The body's circadian rhythms play a critical role in metabolic processes. As evening approaches, the body becomes more resistant to insulin, the hormone responsible for regulating blood sugar levels. This resistance is compounded by the fact that most individuals are less active or completely inactive as they sleep. The research found that those who consumed more than 45% of their daily caloric intake after 5 p.m. exhibited higher blood glucose levels, particularly among older adults with prediabetes or early type 2 diabetes.
“If you’re a night owl and you’re just eating late, higher chance of insulin resistance, basically, based on your genetic predisposition. Higher rate of pre-diabetes, diabetes development, things like that. And this is something that we typically see with graveyard shift people, you know, firefighters, cops, doctors, medical staff that work at night a lot,” – Pouya Shafipour, MD
Late-night eaters not only consumed more calories but also had diets richer in fats and carbohydrates compared to their early eating counterparts. This dietary pattern may contribute to poorly regulated blood sugar levels, an increased risk of cardiovascular diseases, and chronic inflammation. The study underscores the importance of consuming meals earlier in the day to mitigate these health risks.

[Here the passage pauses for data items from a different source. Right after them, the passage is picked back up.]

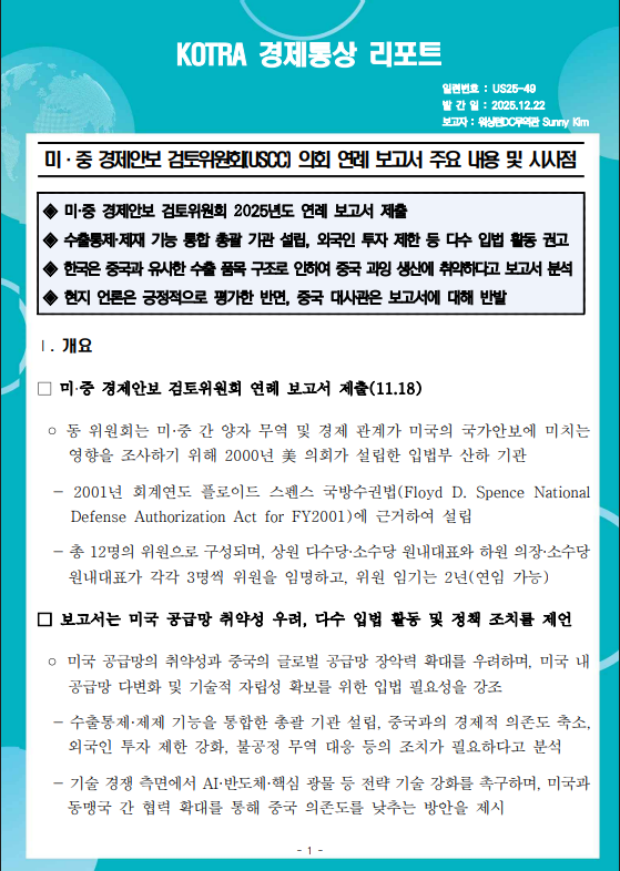 미·중 경제안보 검토위원회(USCC) 의회 연례 보고서 주요 내용 및 시사점
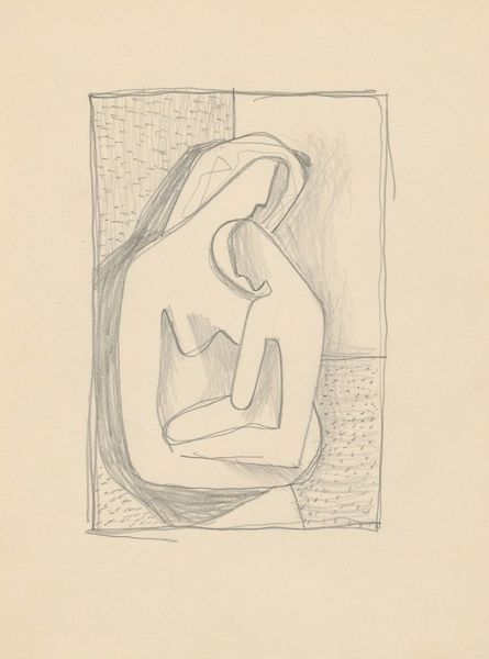 Curator: Mikuláš Galanda created "Melancholy Highwaymen" sometime between 1935 and 1936. It's a drawing using pencil to explore figuration and geometric abstraction. My first thought is that the figures emanate stillness despite their unusual construction, with each sharp contour balanced by a soft melancholy, as if resigned to some inescapable destiny. Editor: The mood definitely hits you first. It feels like we're observing people trapped in an oppressive structure, maybe reflective of social or political forces at play. Curator: Perhaps. I read it more as an exploration of inner states reflected through external forms. Galanda simplifies the human form, reducing figures to geometric blocks, almost archetypes. What do you think the presence of such stylization does to their perceived emotional impact? Editor: I think that it forces us to read their affect through pose and relation, and that pose indicates dejection. By abstracting them, Galanda universalizes their sadness. It doesn't depict one specific experience of sorrow; rather, sorrow is imposed structurally upon them, which implicates forces much larger than individual experience. There is something unsettling about seeing humans turned into monuments of their grief. Curator: The repetitive, hatching of pencil strokes and choice of reddish-brown hues may be interpreted through that symbolic system, invoking images of earthy limitations—of boundaries and inescapable material reality—while hinting toward the passion bound in grief. What resonates for me is how Galanda imbues these seemingly simple lines with such enduring gravity. Editor: What’s interesting is that Galanda made this during a time of political turmoil, when fascism was rising and oppressive political and economic conditions were becoming more restrictive across Europe. In this light, these melancholy figures become reflections of powerlessness against systemic oppression. Curator: The title becomes all the more significant when paired with such context! And it reminds us of art's incredible ability to hold and transmit coded memories. Editor: Right. That melancholic mood carries the historical weight of powerlessness and resistance. Perhaps that’s why these figures resonate so powerfully even today.
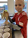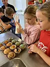 Wer einen professionellen Bäcker als Papa hat und dieser obendrein gern mit Kindern zusammenarbeitet, darüber kann sich sogar eine ganze Schule freuen. In der Küche der Förde-Schule hatten die Eltern John und Lea Madsen Sommer schon vorab alles für die zwölf jungen Künstlerinnen und Künstler vorbereitet. In der Schule sollte die 2b grandios und delikat duftende Muffins mit den schönsten oder auch verrücktesten Dekos schaffen.
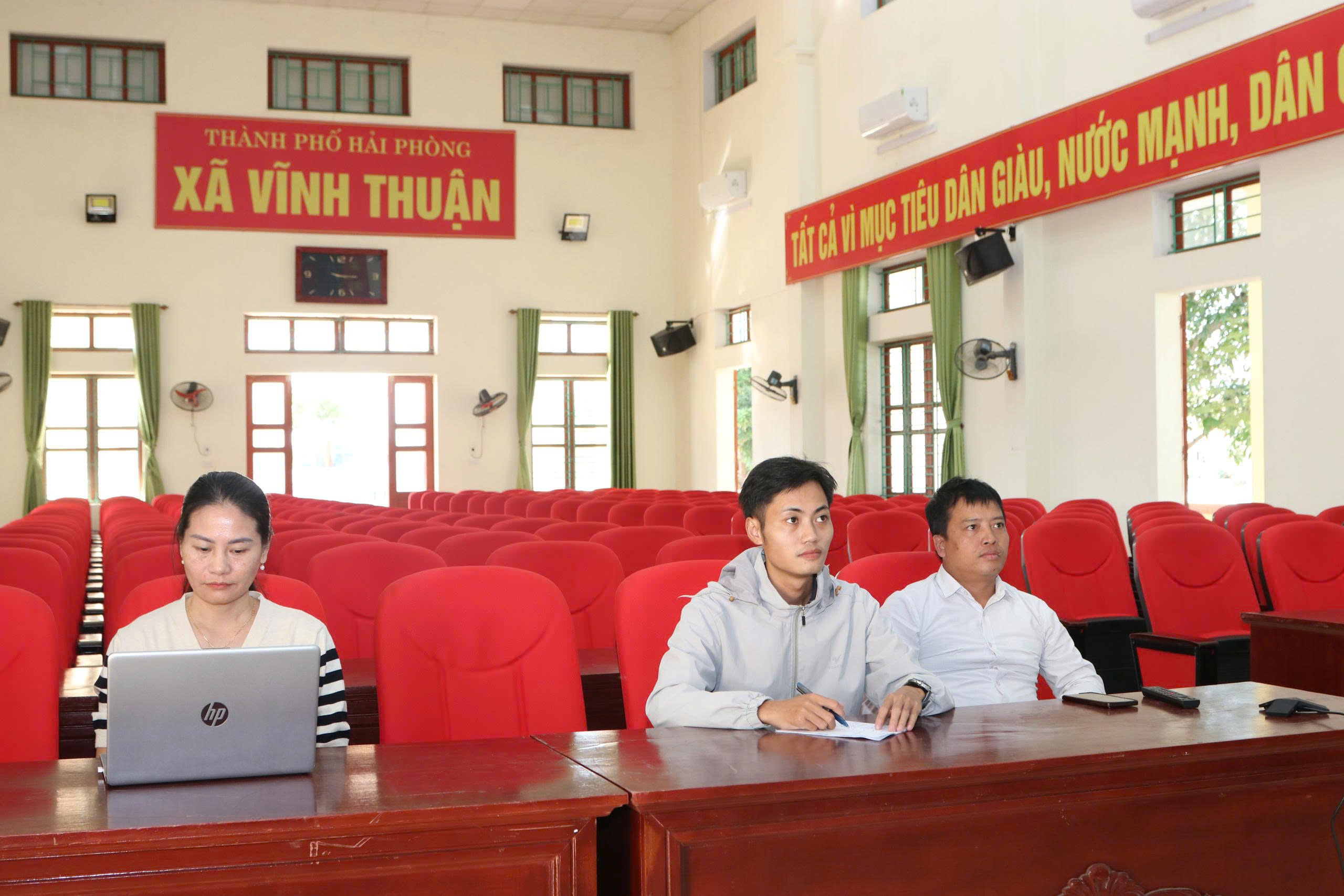 Cán bộ làm công tác thông tin cơ sở xã Vĩnh Thuận tham gia tập huấn tại điểm cầu của xã.Hội nghị cũng cung cấp thông tin về Đề án nâng cao hiệu quả hoạt động thông tin cơ sở dựa trên ứng dụng công nghệ thông tin cho hệ thống truyền thanh, định hướng mục tiêu và giải pháp giai đoạn 2026–2030 nhằm hiện đại hóa hệ thống thông tin cơ sở của thành phố. Đồng thời, học viên được hướng dẫn sử dụng và khai thác hiệu quả hệ thống thông tin nguồn của thành phố, đổi mới phương thức cung cấp thông tin, nâng cao chất lượng nội dung nhằm bảo đảm thông tin đến với người dân một cách chủ động, kịp thời, chính xác và hiệu quả.
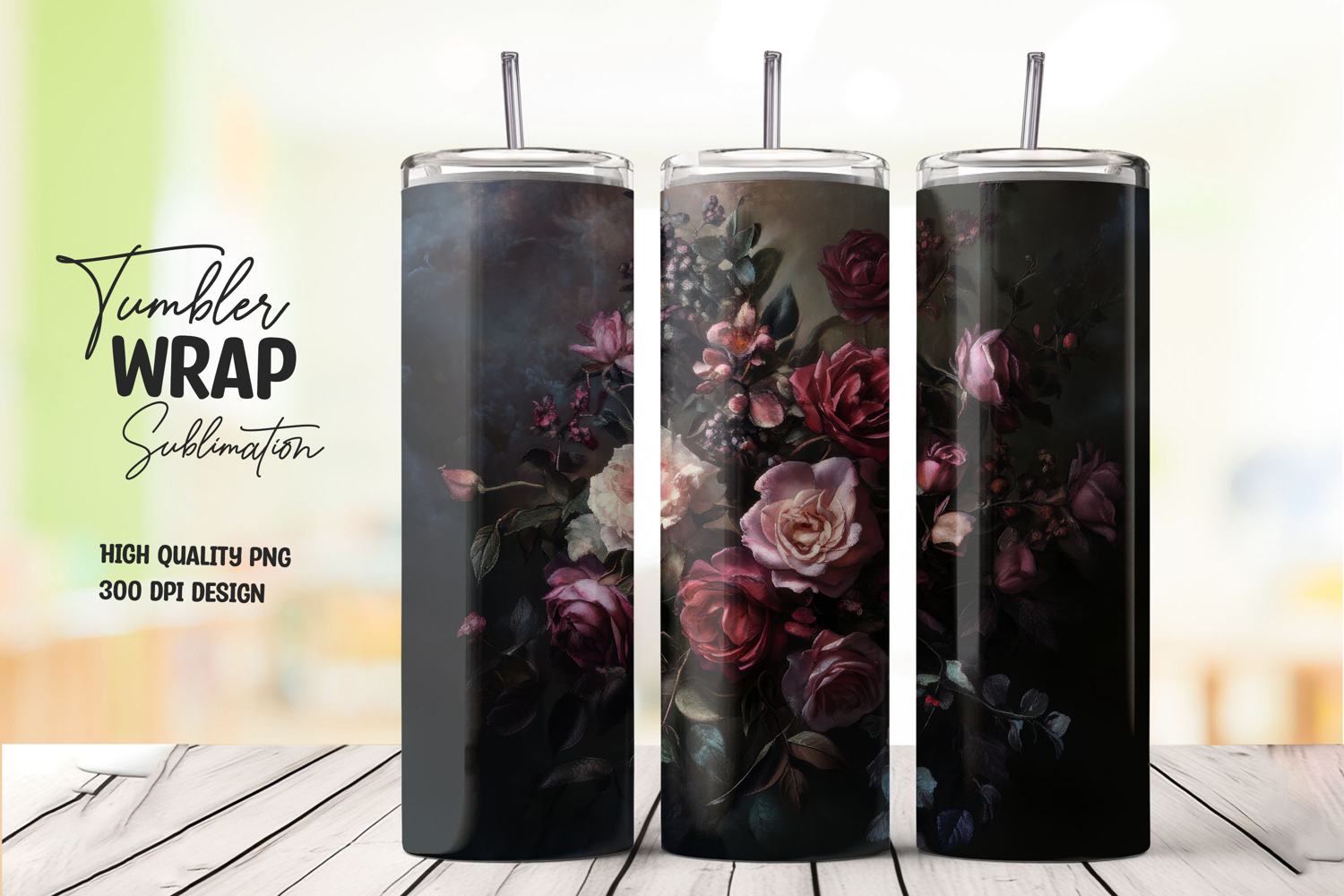 Black Floral Dark Bloom Rose Png Wrap Sublimation Tumbler 20oz Tumbler
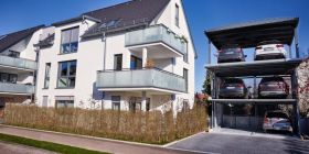Благодаря высоко-технологичному автопарковочному оборудованию Парклифт 462 Wöhr D в новом жилом 6-ти квартирном доме, на площади всего в 28 м2, были созданы 6 комфортабельных паркомест для парковки автомобилей высотой до 200 см. и весом до 2600 кг.
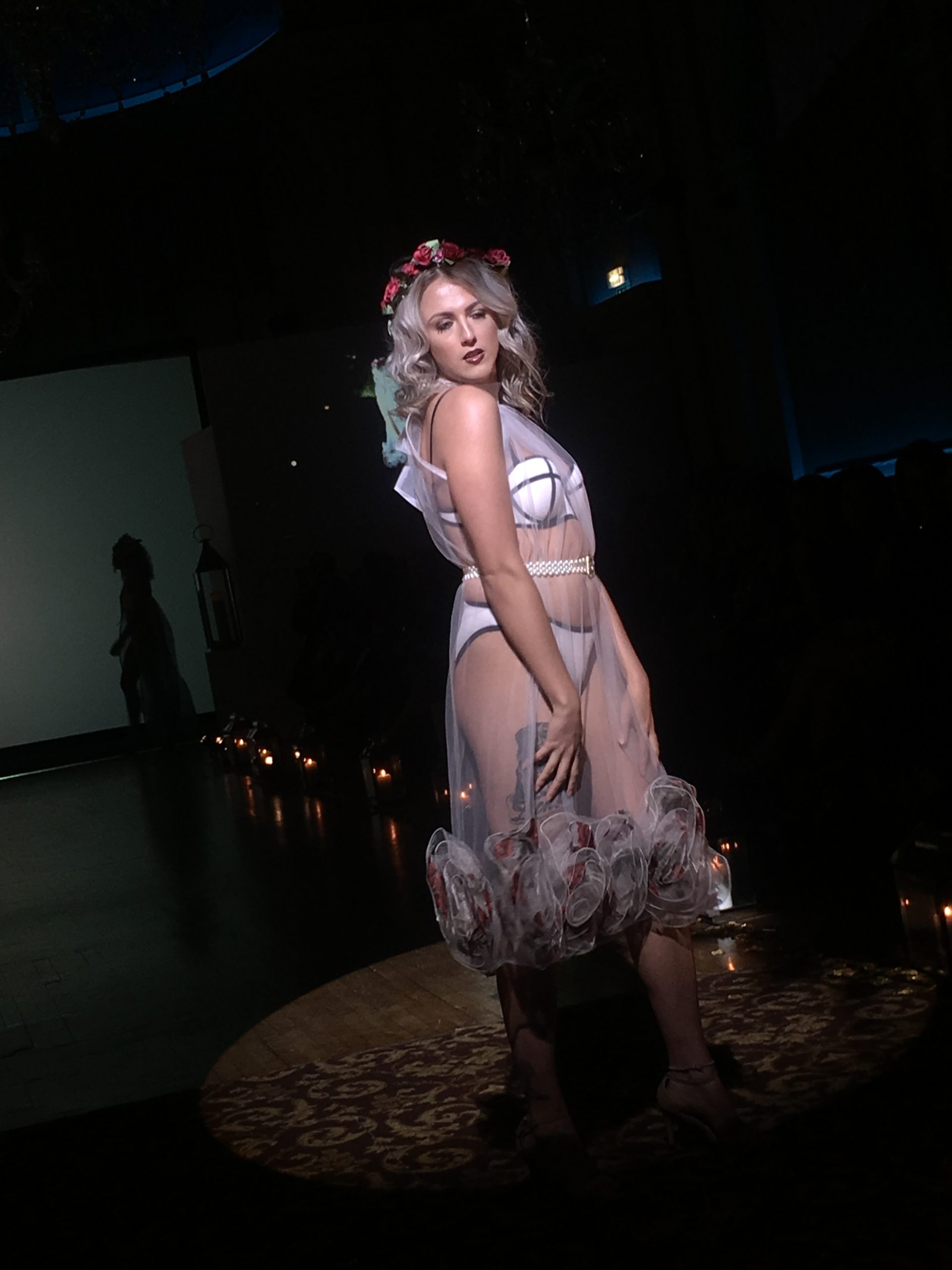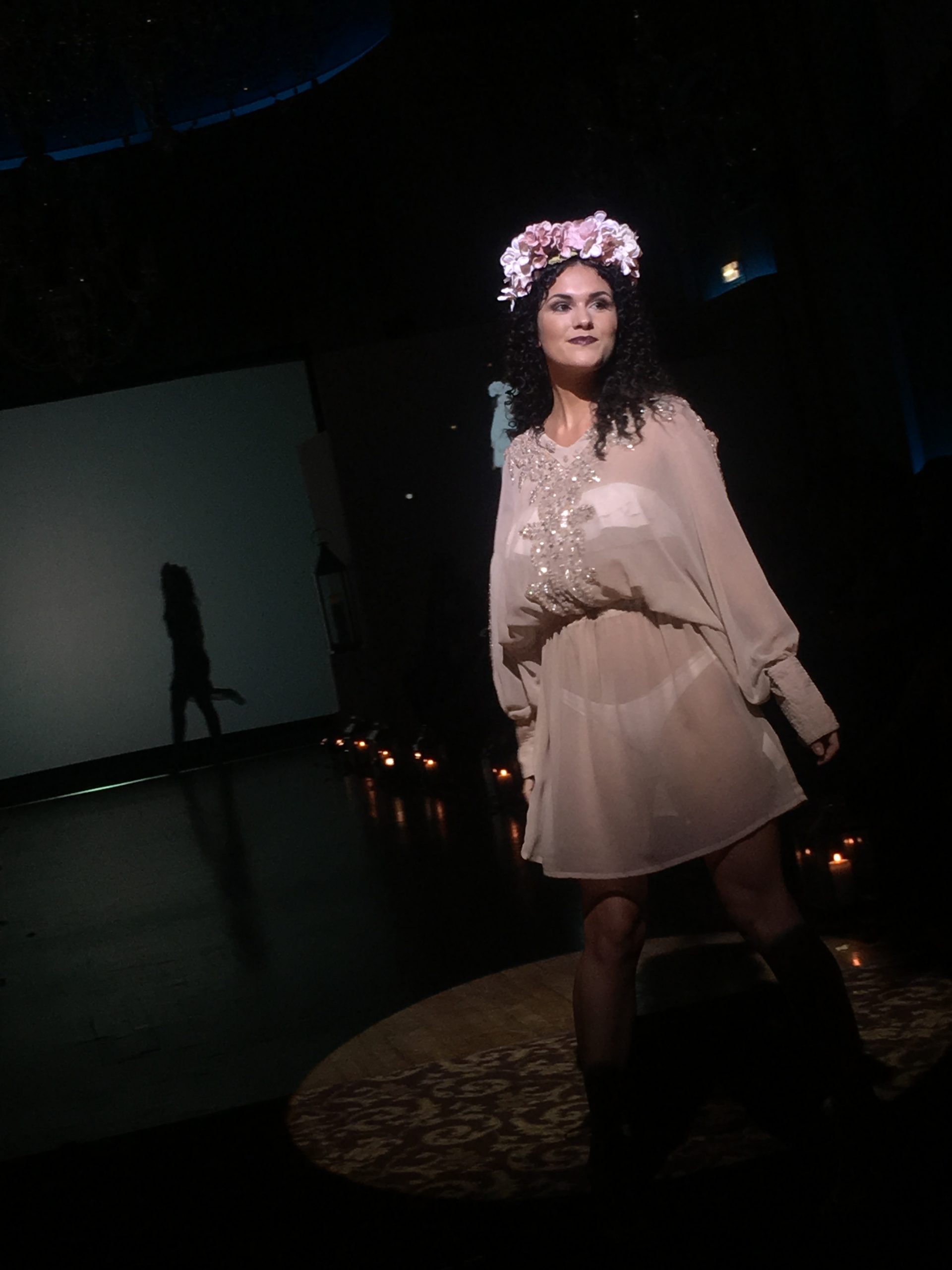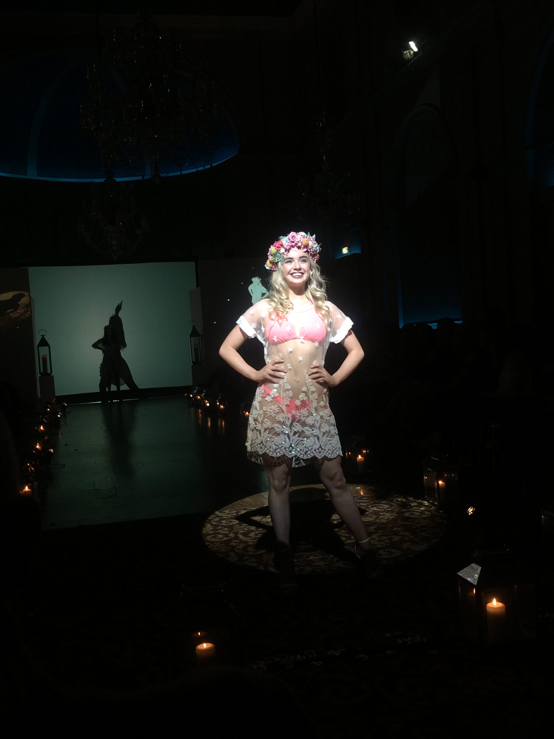The show, called The Moonlight Season, opened with Nisha’s own Cruise collection of bespoke kaftans and resort wear. Models walked the candlelit runway wearing striking flower crowns made by Kathryn Russell. Miss Junior Teen Great Britain, Harriotte Lane opened the show and told me afterwards that there were just days to go before she handed the title over to her successor. I took my seat with my photographer pal Hannah Todd, to take in the North East’s premier runway show….

“So if one wants to optimize their insulin sensitivity, [they] want to eat [their] heavier carbohydrate meals in that window and then try to wind it down by sundown and have a lighter dinner. And the lighter dinner will help with insulin sensitivity, will provide a better quality sleep,” – Pouya Shafipour, MD
Proper sleep also plays a pivotal role in maintaining metabolic health. Dr. Pouya Shafipour emphasizes the significance of consistent sleep schedules and achieving the optimal 7 to 8 hours of rest. During this time, leptin, an appetite-suppressing hormone, reaches its peak. Insufficient sleep, particularly less than 6 and a half hours, can lead to increased hunger during the day due to hormonal imbalances.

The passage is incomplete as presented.